For a representative case, compounds 1/10 and 1/12 are discussed here. In a planar anchoring cell (PI-coated ITO cell with a 4.8 μm cell gap), compound 1/10 exhibited birefringent textures (137.0 °C onwards) when cooled into the nematic phase (Fig. 2a and S18b†) that subsequently changed to a defect-free SmA phase at 93.0 °C (Fig. 2b and S18c†). Gradually, the SmA phase underwent a transition to the SmC phase at 81.0 °C as evident from the increasing of defects in the texture (Fig. 2c and S18d†). The SmA–SmC phase transition was further established by employing a homeotropic cell (cell gap 3.3 μm with ITO coating and an antiparallel rubbing direction). The black/dark texture of the SmA phase (Fig. 2b (inset) and S18c†) transformed to a birefringent Schlieren type texture confirming the presence of an underlying SmC phase (Fig. 2c (inset) and S18d†) which was retained until crystallization at 42.9 °C.

Fig. 2 Representative polarizing optical microphotographs of compounds: (a–c) 1/10 in a 4.8 μm planar cell (inset shows images taken in a 3.3 μm homeotropic cell); (d–f) 1/12 in a 3.2 μm planar cell (inset shows images taken in a 3.3 μm homeotropic cell). All the images were taken upon cooling from the isotropic phase (crossed polarizers; ×200 magnification).

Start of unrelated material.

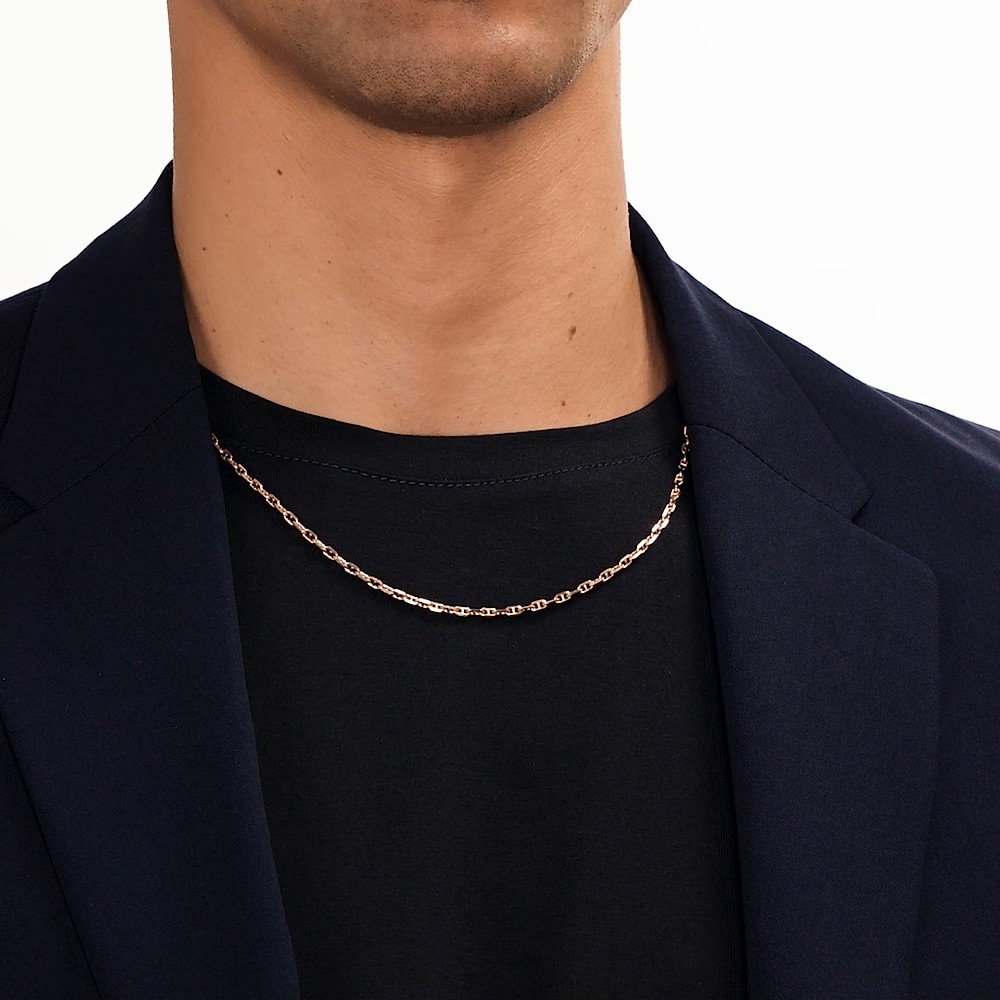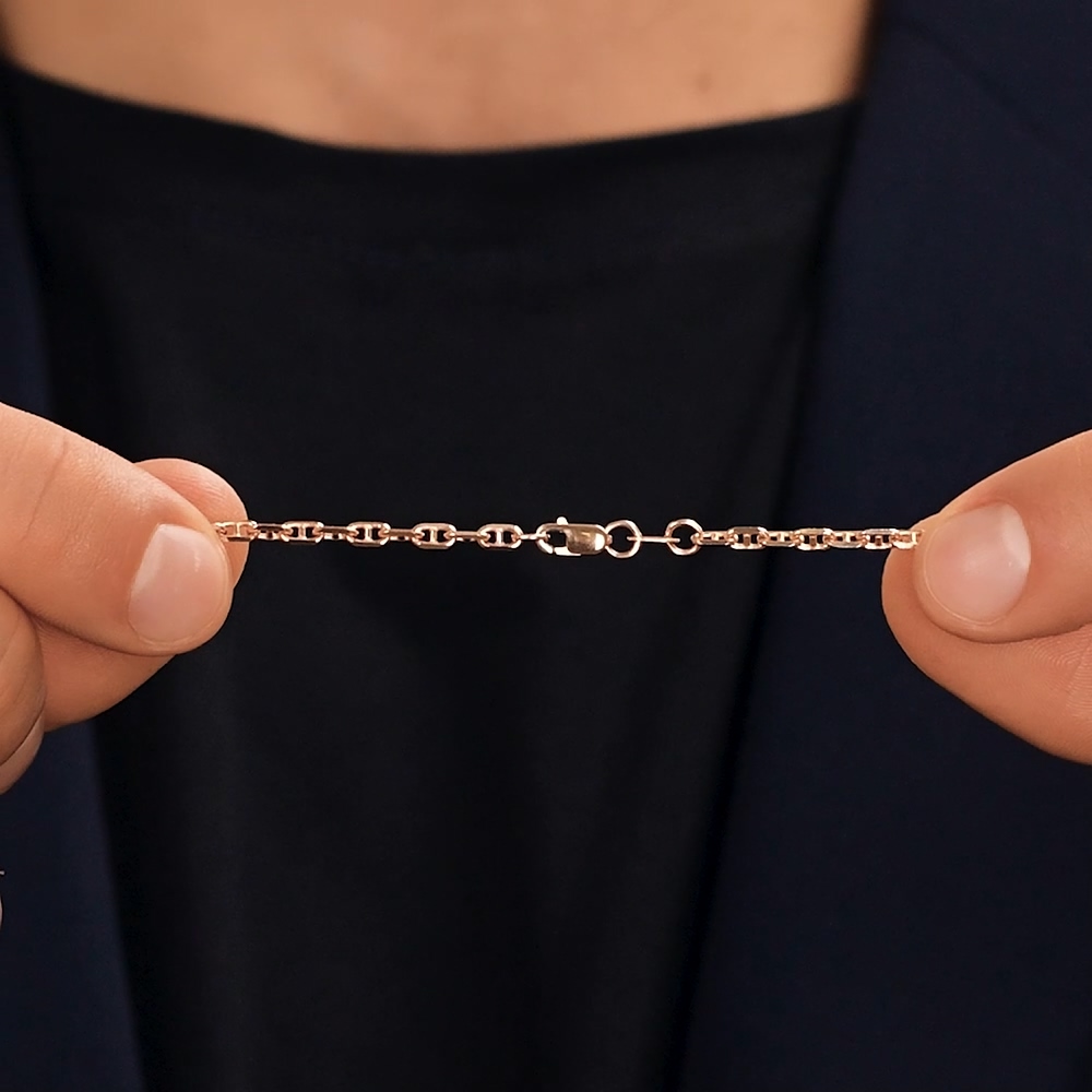 Якорное плетение - настолько надежное, что можно "вешать якорь". Звенья расположены под прямым углом друг к другу, от чего цепь получается объемной и крепкой. Плетение универсально, подходит и женщинам, и мужчинам. Классическая якорная цепь состоит из звеньев продолговатой формы с закругленными концами. Для усиления блеска края обрабатывают алмазной гранью.

Compound 1/12, upon cooling from the isotropic phase, under planar anchoring conditions (3.2 μm cell gap), showed a birefringent nematic texture at 132.5 °C (Fig. 2d and S19b†) followed by appearance of a defect-free SmA phase (Fig. 2e and S19c†) at 106.0 °C. Continuous cooling led to the appearance of defects in the texture. At 91.0 °C, the SmC phase appeared with a change in optical texture (Fig. 2f and S19d†). When compound 1/12 was filled into a homeotropic cell (cell gap 3.3 μm with ITO coating and antiparallel rubbing direction), black/dark images were observed for the nematic and SmA phases (Fig. 2d, e (inset) and S19b, c†) whereas an underlying Schlieren texture with four brush defects (Fig. 2f (inset) and S19d†) was observed at the transition from the SmA to SmC phase. The appearance of birefringence with an exclusive four brush defect confirmed the presence of the SmC phase. The birefringent Schlieren images under homeotropic conditions were observed due to the tilt in the molecular axis (or optic axis) from the layer normal in the SmC phase. The microscopic description of the remaining three compounds 1/14, 1/16 and 1/18 is elaborated in the ESI (Fig. S20–S22†).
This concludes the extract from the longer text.